Next, we use Q to measure the contrast or inequality of urban perception. We begin this by asking: how wide is the range of perceptions elicited by the images of one city vis-a-vis another? Figure 4A shows the distribution of scores characterizing each image, for each city and question (values are reported in Table 1). Here, we see that images in Boston and NYC are distributed over a wider range of values. Yet, since we have considerably more images for Boston and NYC, than for Linz and Salzburg, we compare the standard deviations of these distributions (σ), rather than their range. We do this because the standard deviation of a distribution is independent of sample size and provides a good comparator to measure the dispersion of the Q-scores calculated for each city. Moreover, the distribution of Q-scores for each question is close to normal (see SM and Figure 4s in File S2).


Table 1. Means and Standard Deviations of the Q-scores obtained for each city and question.


Figure 4. Contrasts in urban perception.

A. Scatter plot showing the Q-scores obtained for each image, city and question. Top and bottom whiskers represent one standard deviation. B. Moran's I z-scores for each city and question (all p-values<0.01, see SM). C. Spatial correlograms showing the decay of spatial autocorrelation as a function of distance. D–F. Map of NYC showing statistically significant clusters of high -and low- Q-scores for the perception of safety, class and uniqueness according to Getis Gi* statistic. Green shows clusters of positive perceptions (high Q-scores) and red shows clusters of negative perceptions (low Q-scores).


Table 2 compares the means and standard deviations of each city and question using, respectively, a t-test to compare the means of distributions with different variances, and an F-test.

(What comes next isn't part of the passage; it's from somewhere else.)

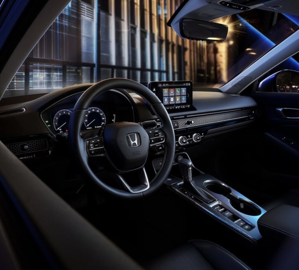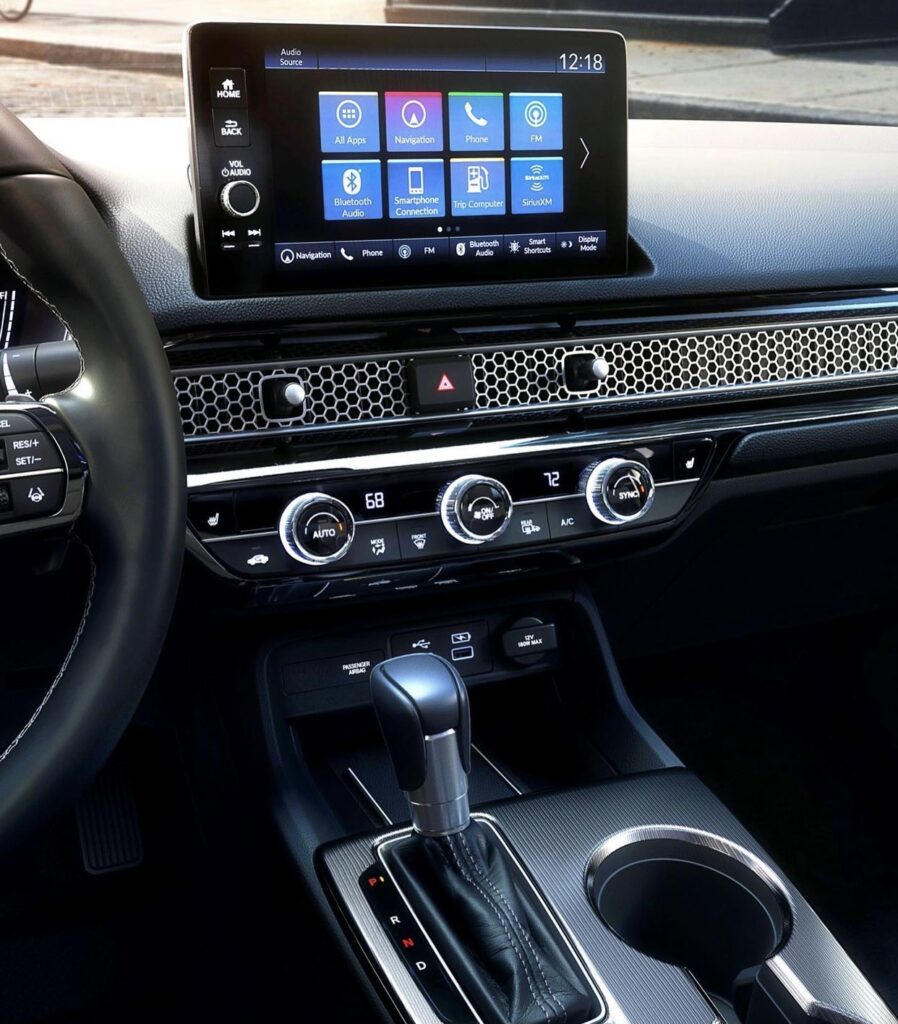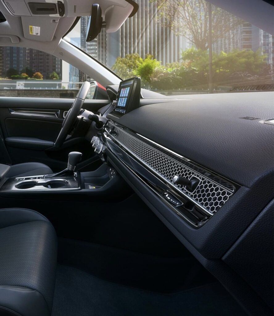 2022 Civic boasts a well equipped interior ample head, leg, shoulder and hip room for all passengers mainly due to the low, flat beltline and uncluttered design. High-quality materials are used throughout the interior. LX, Sport and EX grades are equipped with a 7-inch color LCD instrument display whereas Touring models gets 10.2 inch high-definition full-color LCD panel display. Touchscreen systems come standard with wireless Apple CarPlay and Android Auto integration, while Touring comes standard with Qi-compatible wireless charging. Touring trims are equipped with Bose premium sound system with 12 speakers.

The F-Test allows us to assess whether the difference between the standard deviations of two distributions is significant, after taking into consideration their sample size [43]. We find that the standard deviations of the distribution for Boston and NYC are considerably larger than those for Linz and Salzburg, even when there are no significant differences in the mean (for example with the means of Linz and Boston for social-class). This suggests that Boston and NYC are perceptually more unequal, since the average gap of the evaluative response between images is larger in NYC and Boston than in Linz and Salzburg. Moreover, we note that the standard deviation measured for NYC is not statistically larger than the one measured for Queens and Brooklyn, when it comes to the perception of safety and class.


Table 2. Comparison between the means and standard deviations of the urban perception recorded for each city and question.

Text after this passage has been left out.